> Input data:
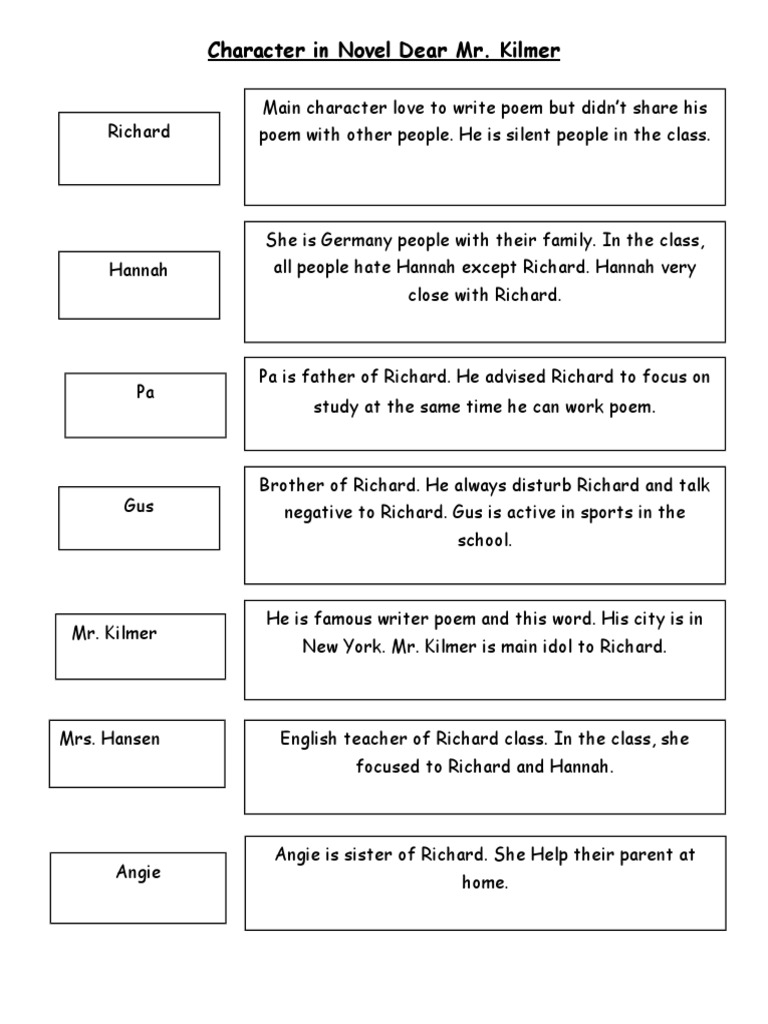 It should be noted that despite gus wanting to make a trophy out of the kill, pa disallowed it, with richard even adding: • gus did not believe that mr kilmer was famous. Documents similar to dear mr kilmer characters notes. The novel that i have learned is dear mr. Kilmer, richard is more confident with his poetry. Kilmer by anne schraff, a theme i have learnt is determination. Mr kilmer advised richard to share his poetry with people around him. Synopsis,setting, characters, themes, moral values, point of view, tone and mood, language and style, literary device. Can a person be both sensitive to nature and brave? An event which taught me lessons about life in the novel, dear mr kilmer, by anne scraff, is when richard becomes the lone signer of the card sent to the schemer. Major characters richard knight minor characters mr. Mr schermers and mrs schermers. While gus is interesting in basketball.
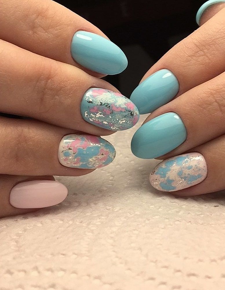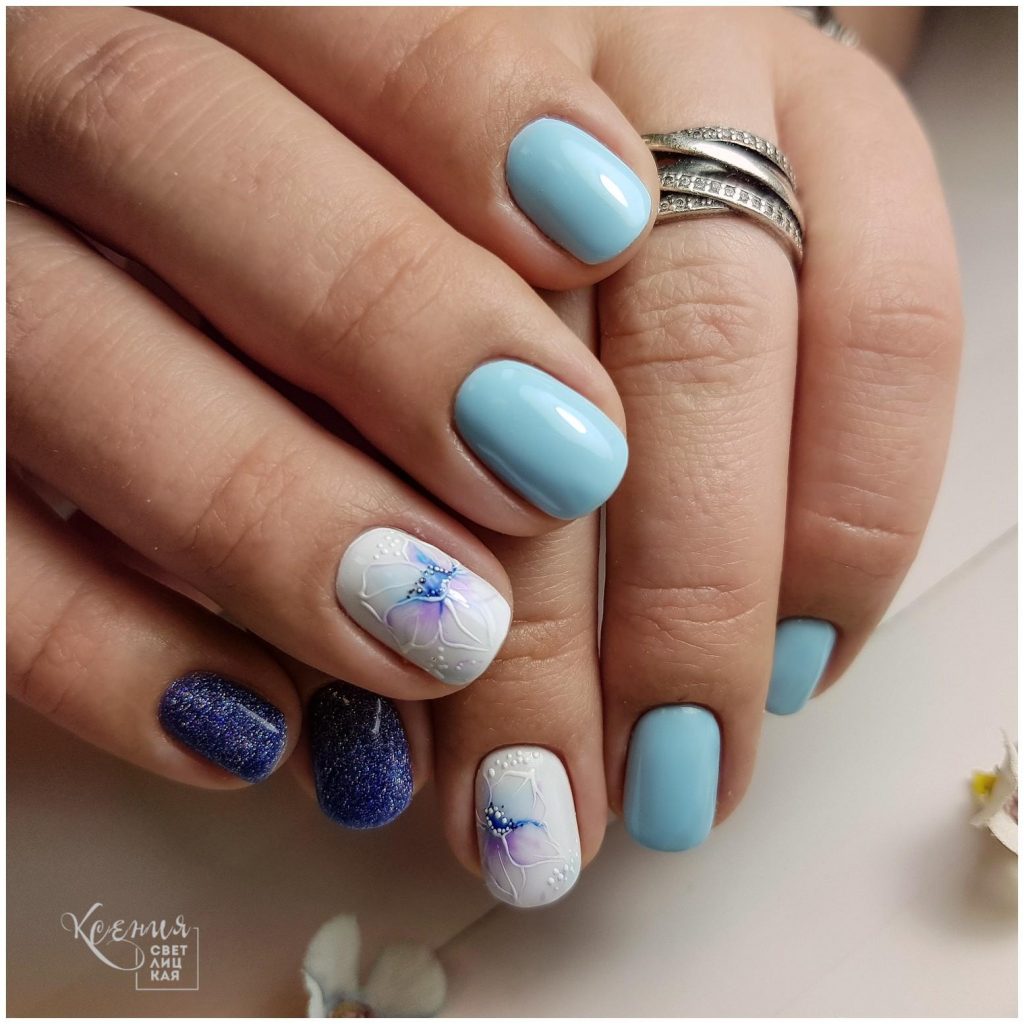 Маникюр голубого цвета с разными оттенками гель-лаков
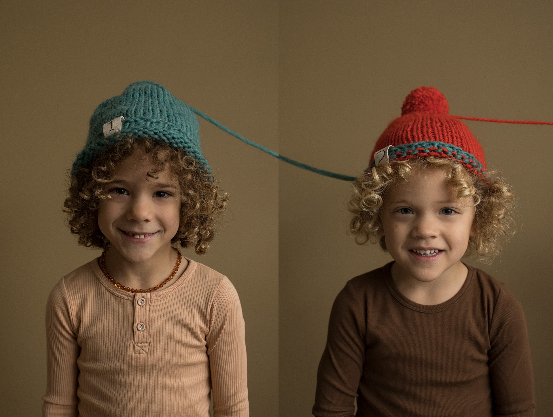 The children’s hats are hand knitted and have different kinds of yarns, so one hat will fall a bit bigger or smaller than the other. It’s just what you love…
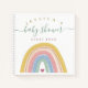 Sweet boho pastel coloured rainbow with yellow, peach, pink, blue and green. Back features smiling sun and hearts. Easy to customize for your boho chic baby shower. This keepsake is the perfect gift for the parents to be!
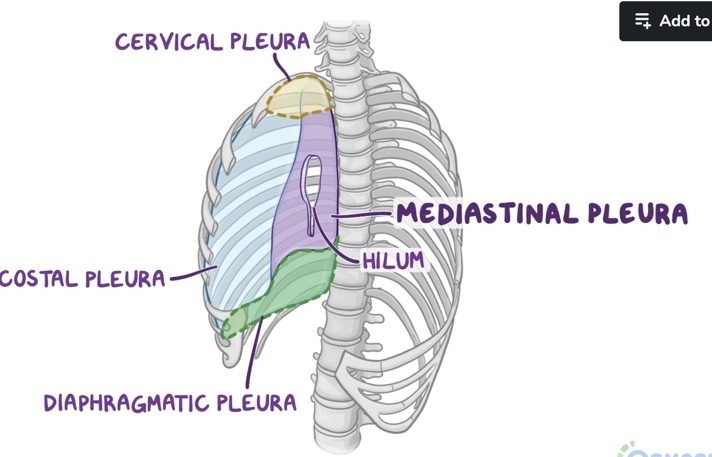 V–> ils sont maintenus contre la paroi thoracique seulement par la pression négative et la force de tension du liquide pleural
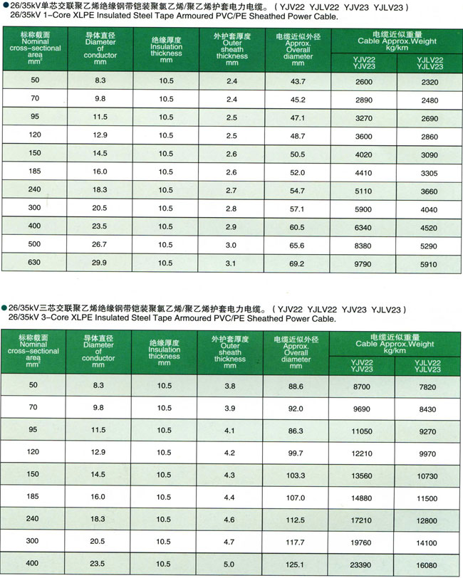 额定电压3.6/6kV-26/35kV交联聚乙烯绝缘电力电缆
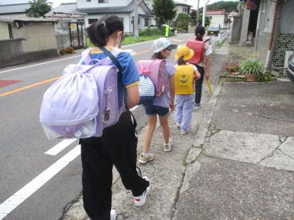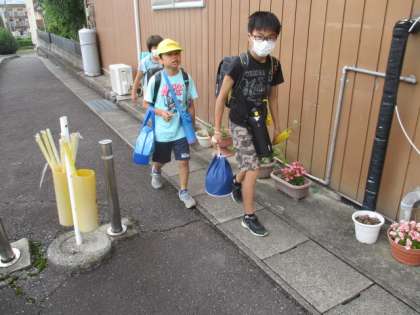 今朝は小雨が降ったためか、湿度が高く感じられました。子どもたちは地域の方に「おはうございます」と元気にあいさつしていました。
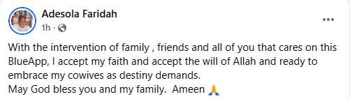 “With the intervention of family, friends and all of you that cares on this BlueApp, I accept my faith and accept the will of Allah and I ‘m ready to embrace my co-wives as destiny demands. May God bless you and my family. Ameen,” she wrote.

> Work request: Take only the lines above from the one that has "Sweet boho pastel" through the one that has "今朝は小雨が降ったためか、湿" and reproduce them exactly, omitting any pictures.

> Answer area:
 Sweet boho pastel coloured rainbow with yellow, peach, pink, blue and green. Back features smiling sun and hearts. Easy to customize for your boho chic baby shower. This keepsake is the perfect gift for the parents to be!
 V–> ils sont maintenus contre la paroi thoracique seulement par la pression négative et la force de tension du liquide pleural
 额定电压3.6/6kV-26/35kV交联聚乙烯绝缘电力电缆
 今朝は小雨が降ったためか、湿度が高く感じられました。子どもたちは地域の方に「おはうございます」と元気にあいさつしていました。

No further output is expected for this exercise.